### AIM OF THE TASK
Give back the whole listing word for word and skip each picture.

### INFORMATION PROVIDED
_ _ _ _ _

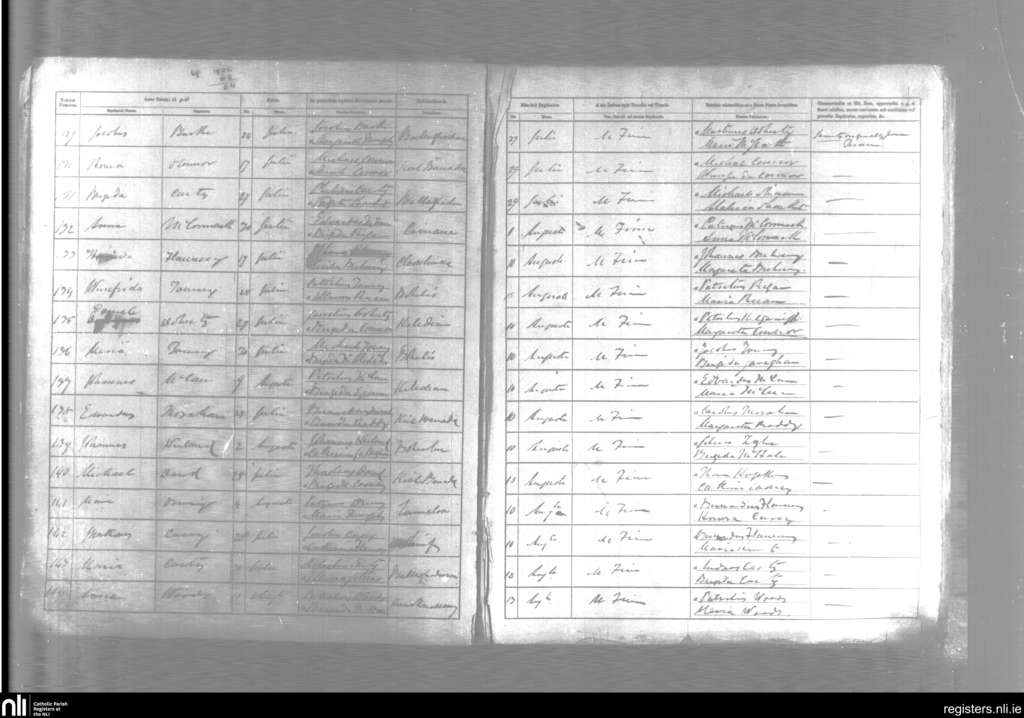 Castlemore and Kilcolman; County of Mayo, Roscommon, Sligo; Diocese of Achonry. Baptisms, July 1860 to Aug. 1860
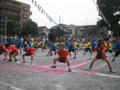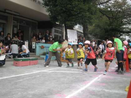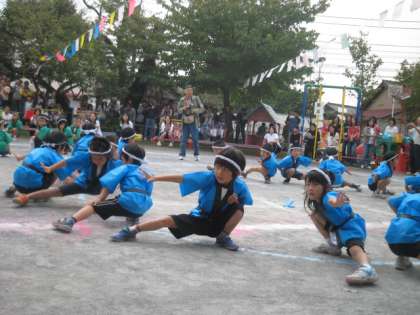 ソーラン節をカッコよく踊りました。「リレー」で力いっぱい走りました。
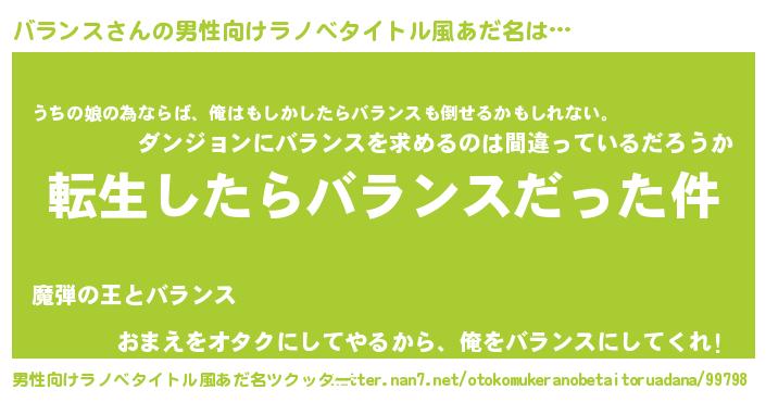 | 女子向けラノベタイトル風あだ名 | 『バランスの玉の輿計画!』 |

_ _ _ _ _

### SOLUTION FOR THIS TASK
 Castlemore and Kilcolman; County of Mayo, Roscommon, Sligo; Diocese of Achonry. Baptisms, July 1860 to Aug. 1860
 ソーラン節をカッコよく踊りました。「リレー」で力いっぱい走りました。
 | 女子向けラノベタイトル風あだ名 | 『バランスの玉の輿計画!』 |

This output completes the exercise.